[Exercise]:
The required output is every line from the one containing "7X24小时持续监测安全事件" through the last line of the listing below, copied exactly, pictures excluded.

----------------------------------------

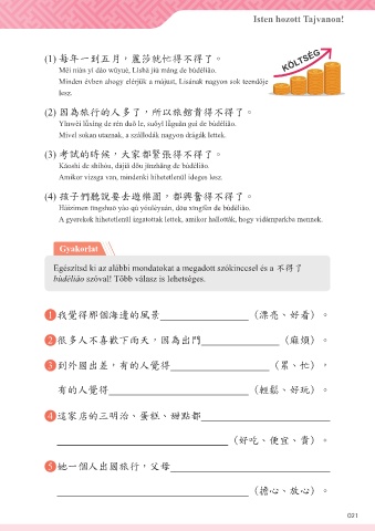 Egészítsd ki az alábbi mondatokat a megadott szókinccsel és a 不得了
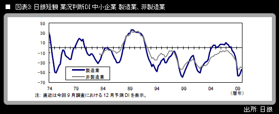 中小企業の業況判断DIは、製造業が▲52(前回調査比+5ポイント)・12月予測▲44、非製造業が▲39(前回調査比+5ポイント)・12月予測▲40。前回6月調査で悪化を続けていた中小企業・非製造業も改善に転じたが、予測は1ポイント下がっており、国内需要の「地盤沈下」が続く中で、回復力の弱さが際立っている。
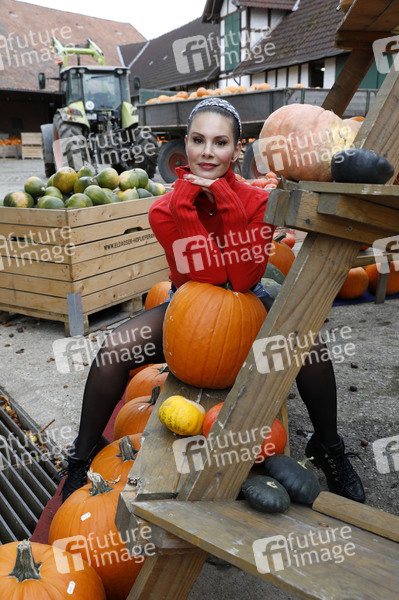 Prominenz, Celebrity, Celebrities, Fotoshooting, Fototermin, Unterhaltung, Entertainment, Halloween, Kürbis, Partyvorbereitungen, Bauernhof, Model, Moderatorin
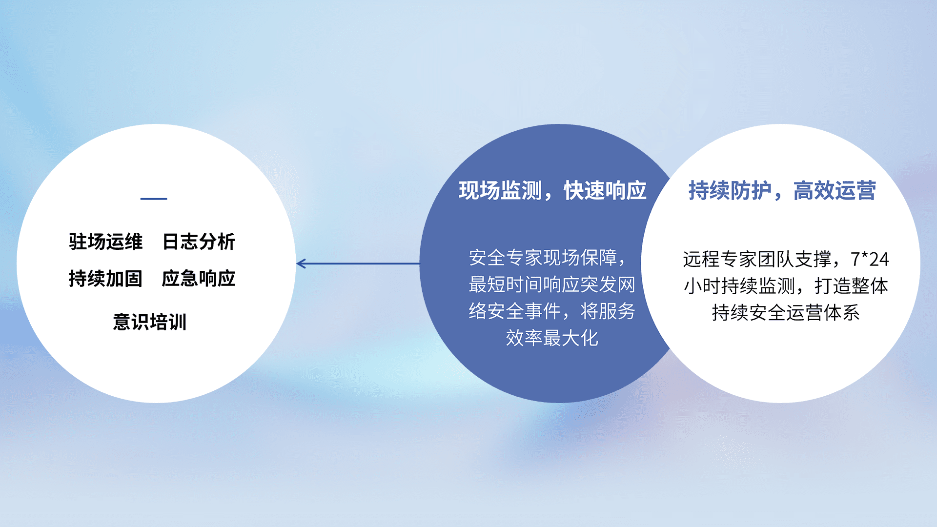 7X24小时持续监测安全事件,保持安全策略有效性,降低资产脆弱性风险,,,,精准拦截黑客攻击,,减少被黑客利用的机会,,,,第一时间遏制,,降低损失。。。。
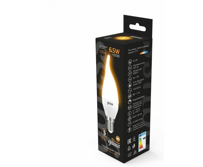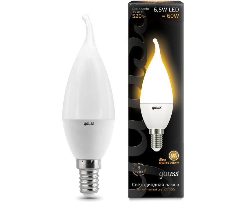 GAUSS Упаковка ламп LED E14, свеча, 6.5Вт, 10 шт. [104101107]
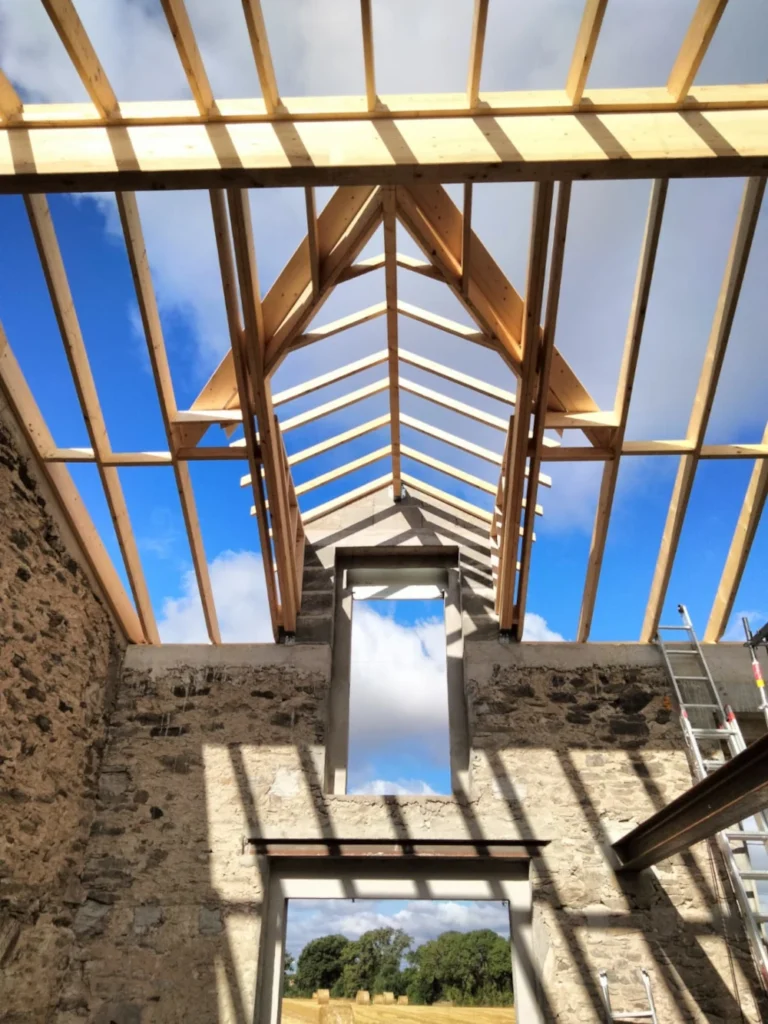 Appréciée pour son authenticité et son esthétique, la charpente traditionnelle offre un cachet unique, mettant en valeur le bois et le savoir-faire des artisans. Elle permet également une grande liberté d’aménagement, notamment pour la création de combles habitables ou d’espaces ouverts.
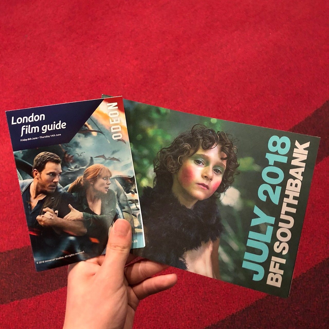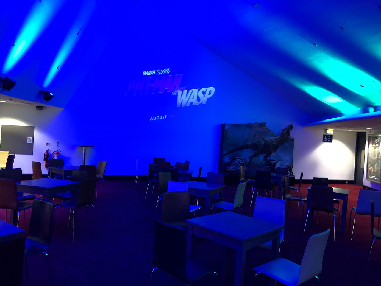 극장을 방문했을 때 상영작은 <쥬라기 월드: 폴른 킹덤>(2018) 단 한 편이었다. 아무래도 <한 솔로: 스타워즈 스토리>가 개봉한 지 한 달 좀 안 되는 시간이 흐른 시점이라 한 편만 상영 중이었던 것 같다. 이미 한국에서 CGV 왕십리 IMAX로 관람한 영화지만, 기왕 여기까지 온 거 해외의 IMAX도 경험해보면 좋겠다는 마음으로 표를 구매했다. 티켓은 국내 멀티플렉스들처럼 영수증이었다. (사진 속 다른 티켓은 먼저 발권한 BFI 사우스뱅크의 티켓이다) 가격은 학생요금(유럽 대부분 국가에서 만 25세까지 학생요금이 인정된다)으로 구매하여 15.50파운드, 성인의 경우 19.50파운드였다. 3D이기에 2파운드가 추가된 가격이다. BFI의 이름을 붙인 극장이지만, 극장 운영 자체는 영국 내 멀티플렉스 프랜차이즈인 Odeon이 맡고 있는 것 같았다. 실제로 BFI 홈페이지에서 예매 페이지로 넘어가면 Odeon의 홈페이지로 연결되고, 극장에 있는 무인판매기 역시 Odeon 프랜차이즈의 것이었다. 런던에서 시간이 남았다면 Odeon의 다른 지점도 들렀을 텐데 아쉽기만 하다. 상영시간이 되면 로비 한쪽에 위치한 계단을 통해 검표 후 상영관으로 입장할 수 있다. 상영관 입구 앞에는 팝콘과 음료 등의 간식거리를 판매하는 매점과 화장실, 앉아서 대기할 수 있는 의자와 테이블이 놓여있다. 공간 한쪽의 흰 벽에서는 곧 개봉할 IMAX 상영작 <앤트맨과 와스프>(2018)의 예고편이 상영되고 있었다.
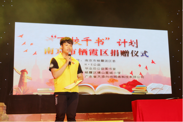六·一儿童节,由毕业后公益图书室,H·E公益,南京市栖霞团区委,南京电视台联合主办的公益捐赠仪式在南京市摄山星城小学体育馆隆重举行。全校师生与出席嘉宾共同见证了此次捐赠活动。此次捐赠活动共为栖霞区6个小学,2个社区建立公益爱心图书室。
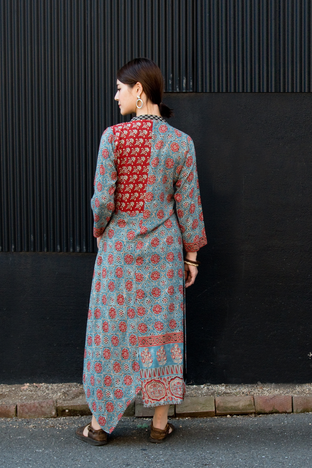 個性派ボタンが可愛い!ウッドブロックプリントのアシンメトリー ロングクルティ
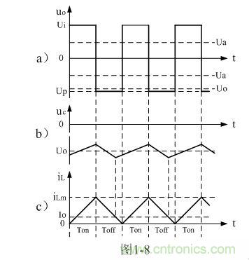 圖1-8、圖1-9、圖1-10分別是控制開(kāi)關(guān)K的占空比D等于0.5、< 0.5、> 0.5時(shí),圖1-7電路中幾個(gè)關(guān)鍵點(diǎn)的電壓和電流波形。圖1-8-a)、圖1-9-a)、圖1-10-a)分別為控制開(kāi)關(guān)K輸出電壓uo的波形;圖1-8-b)、圖1-9-b)、圖1-10-b)分別為儲(chǔ)能濾波電容兩端電壓uc的波形;圖1-8-c)、圖1-9-c)、圖1-10-c)分別為流過(guò)儲(chǔ)能電感L電流iL的波形。應(yīng)該特別注意的是,圖1-8-c)、圖1-9-c)、圖1-10-c)中的電流波形按原理應(yīng)該取負(fù)值,但取負(fù)值后反而覺(jué)得與前面圖1-5與圖1-6不好對(duì)比和分析,因此,當(dāng)進(jìn)行具體計(jì)算時(shí),一定要注意電流和電壓的方向。

----------------------------------------

[Output for this exercise]:
 7X24小时持续监测安全事件,保持安全策略有效性,降低资产脆弱性风险,,,,精准拦截黑客攻击,,减少被黑客利用的机会,,,,第一时间遏制,,降低损失。。。。
 GAUSS Упаковка ламп LED E14, свеча, 6.5Вт, 10 шт. [104101107]
 Appréciée pour son authenticité et son esthétique, la charpente traditionnelle offre un cachet unique, mettant en valeur le bois et le savoir-faire des artisans. Elle permet également une grande liberté d’aménagement, notamment pour la création de combles habitables ou d’espaces ouverts.
 극장을 방문했을 때 상영작은 <쥬라기 월드: 폴른 킹덤>(2018) 단 한 편이었다. 아무래도 <한 솔로: 스타워즈 스토리>가 개봉한 지 한 달 좀 안 되는 시간이 흐른 시점이라 한 편만 상영 중이었던 것 같다. 이미 한국에서 CGV 왕십리 IMAX로 관람한 영화지만, 기왕 여기까지 온 거 해외의 IMAX도 경험해보면 좋겠다는 마음으로 표를 구매했다. 티켓은 국내 멀티플렉스들처럼 영수증이었다. (사진 속 다른 티켓은 먼저 발권한 BFI 사우스뱅크의 티켓이다) 가격은 학생요금(유럽 대부분 국가에서 만 25세까지 학생요금이 인정된다)으로 구매하여 15.50파운드, 성인의 경우 19.50파운드였다. 3D이기에 2파운드가 추가된 가격이다. BFI의 이름을 붙인 극장이지만, 극장 운영 자체는 영국 내 멀티플렉스 프랜차이즈인 Odeon이 맡고 있는 것 같았다. 실제로 BFI 홈페이지에서 예매 페이지로 넘어가면 Odeon의 홈페이지로 연결되고, 극장에 있는 무인판매기 역시 Odeon 프랜차이즈의 것이었다. 런던에서 시간이 남았다면 Odeon의 다른 지점도 들렀을 텐데 아쉽기만 하다. 상영시간이 되면 로비 한쪽에 위치한 계단을 통해 검표 후 상영관으로 입장할 수 있다. 상영관 입구 앞에는 팝콘과 음료 등의 간식거리를 판매하는 매점과 화장실, 앉아서 대기할 수 있는 의자와 테이블이 놓여있다. 공간 한쪽의 흰 벽에서는 곧 개봉할 IMAX 상영작 <앤트맨과 와스프>(2018)의 예고편이 상영되고 있었다.
六·一儿童节,由毕业后公益图书室,H·E公益,南京市栖霞团区委,南京电视台联合主办的公益捐赠仪式在南京市摄山星城小学体育馆隆重举行。全校师生与出席嘉宾共同见证了此次捐赠活动。此次捐赠活动共为栖霞区6个小学,2个社区建立公益爱心图书室。
 個性派ボタンが可愛い!ウッドブロックプリントのアシンメトリー ロングクルティ
 圖1-8、圖1-9、圖1-10分別是控制開(kāi)關(guān)K的占空比D等于0.5、< 0.5、> 0.5時(shí),圖1-7電路中幾個(gè)關(guān)鍵點(diǎn)的電壓和電流波形。圖1-8-a)、圖1-9-a)、圖1-10-a)分別為控制開(kāi)關(guān)K輸出電壓uo的波形;圖1-8-b)、圖1-9-b)、圖1-10-b)分別為儲(chǔ)能濾波電容兩端電壓uc的波形;圖1-8-c)、圖1-9-c)、圖1-10-c)分別為流過(guò)儲(chǔ)能電感L電流iL的波形。應(yīng)該特別注意的是,圖1-8-c)、圖1-9-c)、圖1-10-c)中的電流波形按原理應(yīng)該取負(fù)值,但取負(fù)值后反而覺(jué)得與前面圖1-5與圖1-6不好對(duì)比和分析,因此,當(dāng)進(jìn)行具體計(jì)算時(shí),一定要注意電流和電壓的方向。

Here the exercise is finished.